═══ Stored data ═══

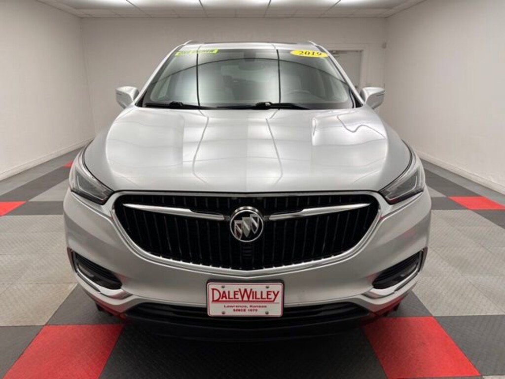 Located at Dale Willey Automotive Used Car and Truck Center / 2800 Iowa St, Lawrence, KS 66046. 2019 Buick Enclave Quicksilver Metallic Essence AWD 9-Speed Automatic 3.6L V6 SIDI VVT CLEAN VEHICLE HISTORY...NO ACCIDENTS, RECENT TRADE IN, MOONROOF SUNROOF, LEATHER, HEATED SEATS, ALL WHEEL DRIVE, ONE OWNER, Enclave Essence, 4D Sport Utility, 3.6L V6 SIDI VVT, 9-Speed Automatic, AWD, Quicksilver Metallic, Dark Galvanized/Ebony Accents w/Perforated Leather-Appointed Seat Trim, 6-Speaker Audio System Feature, 7-Passenger Seating, Apple CarPlay/Android Auto, Automatic temperature control, Electronic Stability Control, Front Bucket Seats, Front Power Sliding Moonroof, Fully automatic headlights, Heated Driver & Front Passenger Seats, Power Driver Lumbar Control Seat Adjuster, Power driver seat, Power Liftgate, Power Passenger Lumbar Control Seat Adjuster, Preferred Equipment Group 1SL, Radio: Buick Infotainment System AM/FM Stereo, Rear air conditioning, Rear Parking Sensors, Remote Keyless Entry, SiriusXM Radio, Steering wheel mounted audio controls, Turn signal indicator mirrors.Wicked Cool! A Must See. Recent Arrival!
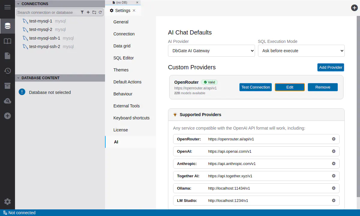 LLM providers settings
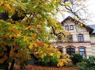 Der Herbst zeigt seine bunte Seite. So u.a. auch in Allendorf Lda. vor einem schönen historischen Bahnhofsgebäude am So. 29. Okt.

═══

Task prompt
Please print the material exactly as given above, omitting the pictures.

Exercise solution
 Located at Dale Willey Automotive Used Car and Truck Center / 2800 Iowa St, Lawrence, KS 66046. 2019 Buick Enclave Quicksilver Metallic Essence AWD 9-Speed Automatic 3.6L V6 SIDI VVT CLEAN VEHICLE HISTORY...NO ACCIDENTS, RECENT TRADE IN, MOONROOF SUNROOF, LEATHER, HEATED SEATS, ALL WHEEL DRIVE, ONE OWNER, Enclave Essence, 4D Sport Utility, 3.6L V6 SIDI VVT, 9-Speed Automatic, AWD, Quicksilver Metallic, Dark Galvanized/Ebony Accents w/Perforated Leather-Appointed Seat Trim, 6-Speaker Audio System Feature, 7-Passenger Seating, Apple CarPlay/Android Auto, Automatic temperature control, Electronic Stability Control, Front Bucket Seats, Front Power Sliding Moonroof, Fully automatic headlights, Heated Driver & Front Passenger Seats, Power Driver Lumbar Control Seat Adjuster, Power driver seat, Power Liftgate, Power Passenger Lumbar Control Seat Adjuster, Preferred Equipment Group 1SL, Radio: Buick Infotainment System AM/FM Stereo, Rear air conditioning, Rear Parking Sensors, Remote Keyless Entry, SiriusXM Radio, Steering wheel mounted audio controls, Turn signal indicator mirrors.Wicked Cool! A Must See. Recent Arrival!
 LLM providers settings
 Der Herbst zeigt seine bunte Seite. So u.a. auch in Allendorf Lda. vor einem schönen historischen Bahnhofsgebäude am So. 29. Okt.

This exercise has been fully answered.